Les artistes du XXe siècle n’ont cessé de chercher à renouveler leur langage. On évoque souvent les différentes phases créatrices de tel ou tel compositeur, leurs « périodes ». Prokofiev n’échappe pas à la règle et on peut observer chez lui plusieurs partis pris esthétiques assez contrastants, tout au long de sa carrière.
Ses sept symphonies constituent à cet égard un bon résumé de son parcours créateur. La toute première, la « Classique », a été écrite dans l’esprit de Haydn. Mais, dès la deuxième, « De fer et d’acier », le langage se veut résolument moderne. Pourtant, au bout de quelques décennies, le musicien fait marche arrière. « Bien sûr, j’ai employé des dissonances, autrefois, mais il y en avait trop. La dissonance constituait pour Bach le sel de la musique. D’autres ont ajouté du poivre et de plus en plus d’épices dans leurs plats jusqu’à ce que les estomacs les plus résistants en deviennent malades », confesse-t-il.

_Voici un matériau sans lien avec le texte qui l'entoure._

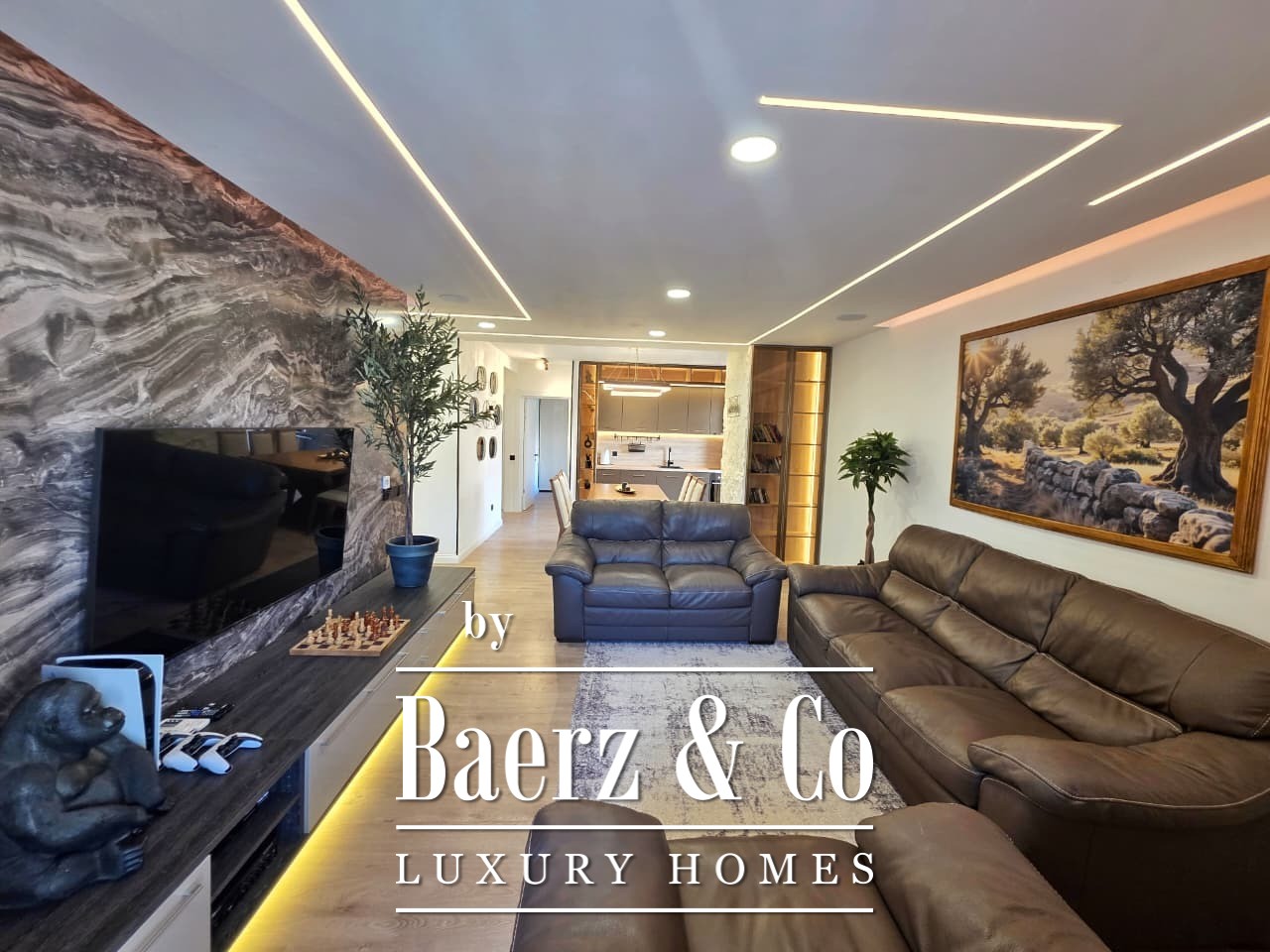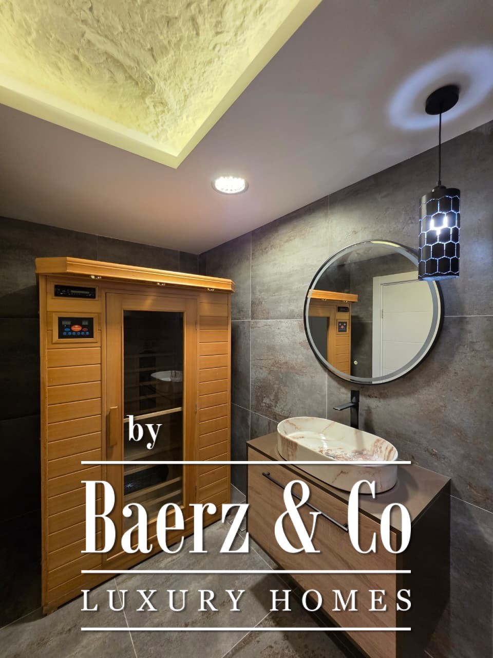 The layout includes a hallway, an open-plan living room with kitchen and dining area, three bedrooms, and two bathrooms. A private sauna offers a dedicated space for relaxation, while four terraces extend the living experience outdoors. Both bathrooms are enhanced by underfloor heating, managed together with the main heating system and boilers via a mobile app for modern comfort. Electric curtains and air-conditioning in every room provide a tailored indoor climate in each season.

Sa cinquième symphonie appartient à ce retour vers un langage nettement moins « pimenté ». Écrite en 1944, alors que la défaite allemande face à l’écrasante armée russe semblait imminente, elle est empreinte d’une certaine sérénité. Ce sentiment s’avère justifié puisque l’armée nazie capitule quelques mois après sa création sous la direction du compositeur à Moscou, le 13 janvier 1945.
« Elle couronne, en quelque sorte, toute une grande période de mon travail, je l’ai pensée comme une œuvre glorifiant l’âme humaine… Dans la cinquième symphonie, j’ai voulu chanter l’homme libre et heureux, sa force, sa générosité et la pureté de son âme. Je ne peux dire que j’ai choisi ce thème : il est né en moi et devait s’exprimer. »
–Sergueï Prokofiev
Cette impressionnante Symphonie no 5 comporte, en plus des effectifs du grand orchestre, une partie de piano et une importante section de percussions. Quatre thèmes entendus de façon rapprochée forment la trame du premier mouvement. Le développement de ces thèmes nous fait passer de la légèreté la plus diaphane à une violence sonore parfois inouïe. Une longue et brillante conclusion, avec trémolos au piano, met un terme à ce mouvement opulent tant par son contenu que par sa généreuse orchestration.
Suit un Scherzo animé, plein d’humour et de sarcasme. L’industrieuse agitation des premières minutes cède à une section plus lyrique, tout en conservant une touche d’ironie. La pièce se laisse emporter dans un tourbillon dominé par des cuivres échevelés et les dernières mesures viennent se fracasser brutalement sur le dernier accord.
L’Adagio énonce une longue mélodie mélancolique avant que l’orchestre ne hurle brièvement, pour ensuite retomber dans la nostalgie. En guise de finale, Prokofiev nous offre un rafraîchissant Allegro giocoso (joyeux) qui débute timidement, puis s’éveille et s’élance avec vivacité et fougue. Tout ce mouvement a des allures de fête, tantôt joyeuse, tantôt grinçante, où chaque instrument semble vouloir entrer dans la danse. La farandole entraîne la masse orchestrale tout entière vers un feu d’artifice éblouissant.